Do not be wise in your own eyes;
fear the LORD and shun evil.
This will bring health to your body and n
ourishment to your bones.”
That’s where the real work is, and inevitably, the real reward – freedom and peace. We all walk our own paths, and yours may be similar or different to mine, but I believe that all of us who feel as if we’ve failed at some point throughout our lives all seek peace and freedom from shame and guilt from our wretched pasts. If you’re about to embark on your own journey of dealing with your past, my only advice is this. Don’t do it alone. If you’re spiritual, you know we’re not technically running solo, but what I’m talking about here is staying constantly connected to a trusted friend. Find your tribe, people who will hold you accountable, advise you, and love you throughout the highs and lows of facing your shame. Or even if it’s just one person, find someone who you can share openly and honestly with who will not judge you. Even if it is a paid psychologist, just do it. Don’t walk this journey alone.

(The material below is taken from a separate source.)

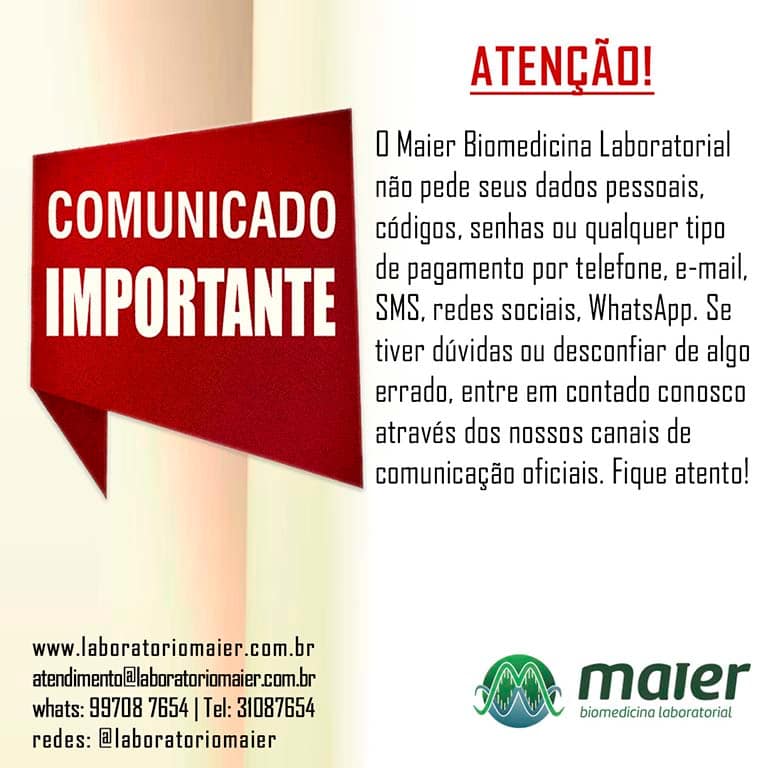 O Maier Biomedicina Laboratorial não pede seus dados pessoais, códigos, senhas ou qualquer tipo de pagamento por telefone, e-mail, SMS, redes sociais, WhatsApp. Se tiver dúvidas ou desconfiar de algo errado, entre em contado conosco através dos nossos canais de comunicação oficiais. Fique atento!
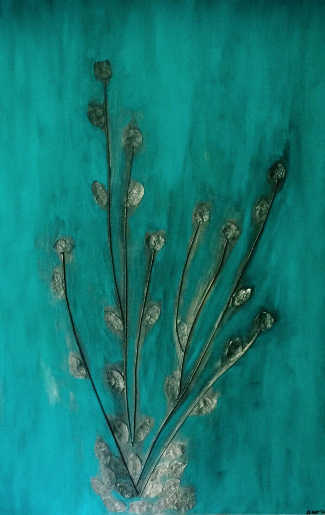 Dit kunstwerk is bewerkt met acryl, lege theelichthulzen en metalen krullen (slijpsels) in de vorm van een plant.

Know that there is light at the end of the tunnel, if you embrace your story and own your past. There is a bright and beautiful future ahead. And like Sera, there are many of us who have walked this journey and are forever marked with the beautiful scars that remind us of where we’ve been, and where we’re going. We’re survivors, and deep down, because you’re here – because you’re still reading, connecting with this story – I think you are too.